Model Serving Patterns

In a previous post we have discussed in some detail the design of a machine learning platform covering model training, serving, governance and observability.

We are now going to look with more detail to model serving:

the different model consumption patterns;
technical solutions to each one;
comments on the additional complexity required by the solution to accommodate all the different patterns;

The Patterns

Online Stateless

The consumption is done on an event basis, hence the model needs to exposed behind a service, e.g. REST, gRPC. The consumer has the ownership of sending all of the necessary data for the inference operation as dictated by the API contract. Useful to obtain inferences for a single input or a batch of them. Acceptable response times are typically on the subsecond range. Each request is independent and therefore no state needs to be maintained.

online-statless

For this consumption pattern, the service exposing the model needs to be operational on a continuous basis since the service does not know in advance when consumers are going to request an inference.

In terms of scalability we are primarily interested in responding to and increased number of individual consumers and not to increases in the volume of data being passed to the service; in this pattern we assume that the consumer is interested in obtaining inferences for one/small-batch of examples. More suitable patterns should be used if a particular consumer needs to obtain inferences for arbitrarily large datasets.

Online Stateful

This consumption pattern is required for more complex scenarios where the the consumer might require some level of interactivity with the model service.

online-stateful

E.g.:

Consumer C1 makes a call to a service S asking for a recommendation;
Service S responds back with recommendation R1;
Consumer C1 is not satisfied and asks the service S to try again;
Service S answers back with a second recommendation R2;

This scenario requires some form of state persistence across calls for the different consumers.

Offline in Batches

For scenarios where it is required to perform model inference at scale, an offline batch pipeline is the best option. Obviously because we can make use of transient infrastructure to serve the inference job. This pattern also differs from the online patterns with regards to the location of the data; for the online patterns the consumer has the responsibility to send the data; whilst for offline inference we expect the data to be located at a known storage.

offline-batch

For smaller datasets, we could in theory have a consumer sending out a stream of batches to the online service but this extra logic would need to be implemented and maintained at the consumer side. Data processing frameworks like Apache Spark can easily distribute and collect the results.

The resulting inferences are then typically saved back to a storage system for later consumption by downstream applications, e.g. dashboards.

The Solution

The following diagram covers the deployment of a model to cover various consumption patterns.

solution

Assuming the GitOps is being used, whenever a new version of the model service is committed (1), the deployment against the infrastructure is performed in a declarative fashion. A thin Jenkins Pipeline (2) is triggered that renders kubernetes objects, runs a linter and applies the changes.

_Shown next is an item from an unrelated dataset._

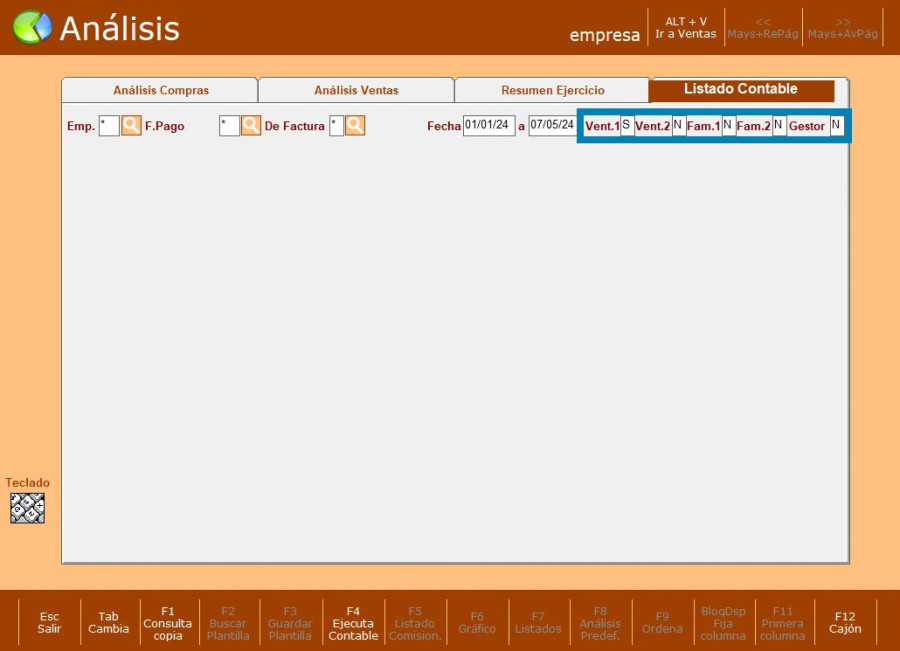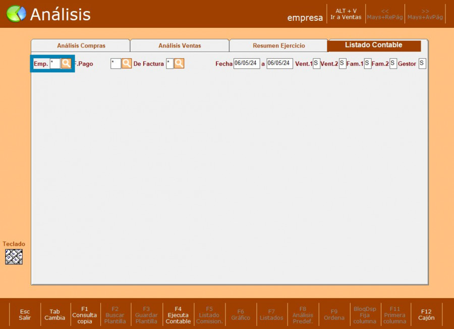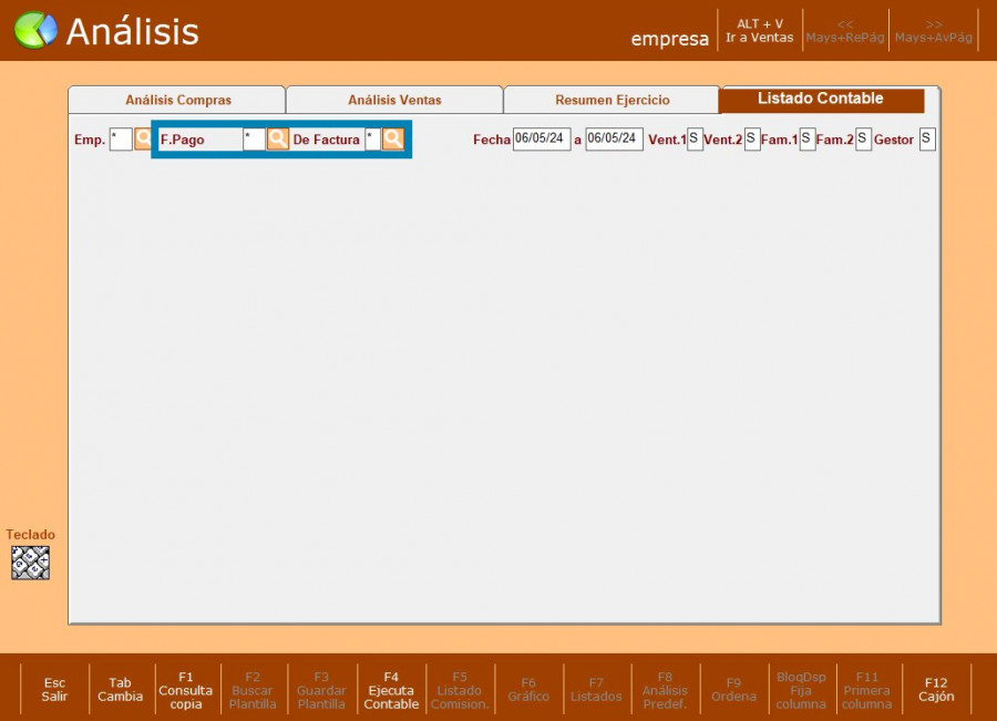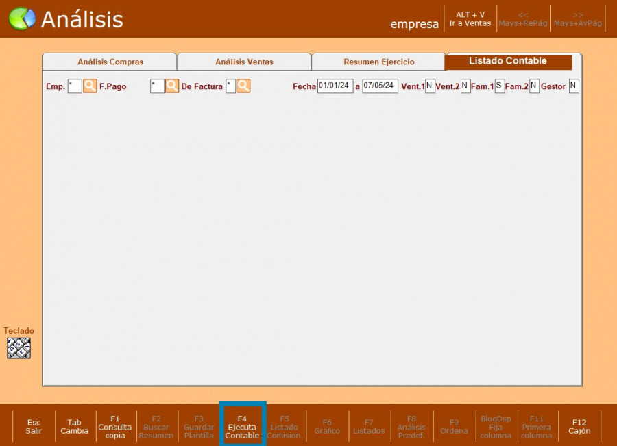 PASO 8: Pulsa "F4 Ejecuta Contable" para generar el listado.

For online serving (3) a Seldon Deployment object is deployed, consisting of:

An inference pipeline, that wraps the model, behind a service;
A real time dashboard with relevant metrics;
(Optionally) an explainer to support model interpretability;

The model should be located at a model registry (4) that takes care of versioning and metadata management.

Seldon is a model serving framework that supports model deployment on a Kubernetes cluster. It allows for the creation of inference graphs, where each step runs as a different container.

Every graph has a model orchestration pod at the top with a standardized API contract for both REST and gRPC. When it receives a request (or a batch of requests) it then triggers the execution of the graph. The of the wiring between the steps is handled by Seldon.

It also leverages Kubernetes’s inherent scalability to create replicas of the service to cope with peaks in the number of requests.

In parallel to this deployment, a offline batch pipeline (6) should also be available, to perform the following tasks:

read a batch of the data, e.g. one month;
extract relevant features from the data;
uses one or more models to score data offline;
writes the results back to storage;

Notes that this might require some integration work if model wasn’t trained via Spark API, as the libraries with the relevant APIs to load the model into memory must be available on every node;

This pipeline exposes the model inference results as additional columns that can be posteriorly consumed by other applications; The deployment of the batch pipeline must also be supported by orchestration logic (5) to trigger the execution of the pipeline with the right configurations.

Final Comments

Having to support more than one pattern has some disadvantages:

The observation/monitoring capability to measures things like data drift or prediction bias might need to be replicated in both the online and the offline cases, which can sometimes involve duplicated work;
The same can be said with regards to model interpretability / explainability;